Швейцарские часики из нержавеющей стали я выменяла в Германии на несколько пачек махорки у одного русского старика из «бывших». Совершенно седой и ссохшийся, он бойко поцеловал мне руку и сам лично надел часы на витом браслете:
— Носите на здоровье и не поминайте лихом русскую эмиграцию. Хоть у нас и не сложились отношения с коммунистами, Гитлеру мы не помогали, уж поверьте старому графу и простите, что не сидели с вами в одном окопе.

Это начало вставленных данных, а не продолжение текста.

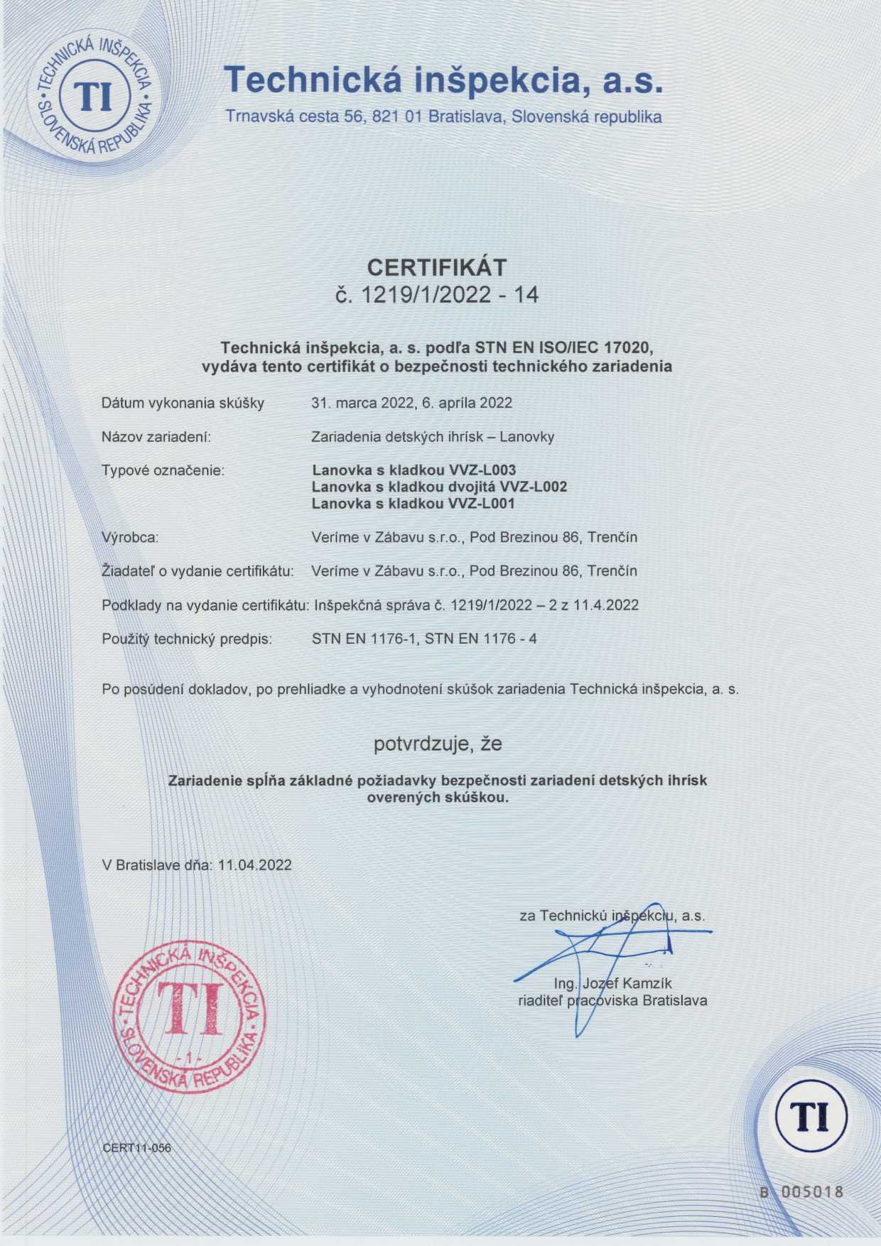Všetky naše prvky v ponuke prešli kontrolou Technickej inšpekcie a.s., podľa príslušnej normy, čo dokazujú aj certifikáty ktoré môžete nájsť na webe pri každom produkte. Hoci sú všetky naše výrobky schválené Technickou inšpekciou a.s., najprísnejšími kontrolórmi sú pre nás tí, ktorí sa na cestu za zábavou vydajú – a nie sú to len deti.

Часики ходили исправно, и иногда я пеняла себе, что не спросила старика, кто он и откуда родом. Обычно скользишь по жизни, словно ветер по волнам, а на берегу жалеешь, что просвистел мимо и не остановился.
Я протянула девочке запястье с часами. Она припала ухом к овальному циферблату, как доверчивый котёнок к хозяину.
— Тикают! — Её улыбке не хватало нескольких передних зубов, поэтому речь звучала с забавным пришепётыванием: — Я когда вырасту, тоже себе часы куплю. Только не как у вас, а жёлтенькие и чтоб блестели.
— Обязательно купишь! Когда ты вырастешь, часы будут у всех.
— Правда?
Она потешно заморгала, явно не веря в фантастическое обещание. Я поспешила заверить:
— Конечно, правда. Ведь война закончилась!
Девочка задумчиво потеребила уши своего игрушечного зайца, а я спросила:
— Скажи, ты знаешь Валю Максимову? Она тут живёт?
— Тут. Только мне мама не разрешает с ней играть.
— Не разрешает? Почему?
Личико девочки приобрело серьёзное выражение. На одном дыхании она выпалила:
— Потому что у неё брат шпана. А со шпаной дружить нельзя. Их надо в тюрьму сажать, чтоб не мешали жить порядочным людям.
Я на мгновение растерялась:
— Что, и Валя тоже шпана?
— Не знаю, я же с ней не играю. — Девочка по-взрослому пожала острыми плечиками. — Вы лучше у тёти Дуси спросите. Она с Валей дружит.
— Тётя Дуся — это Валина тётя?
Взгляд девочки наполнился укоризной:
— Тётя Дуся наш дворник. — Тряхнув зайцем, девочка указала на дверь в углу дома. — Она вот там живёт, в дворницкой.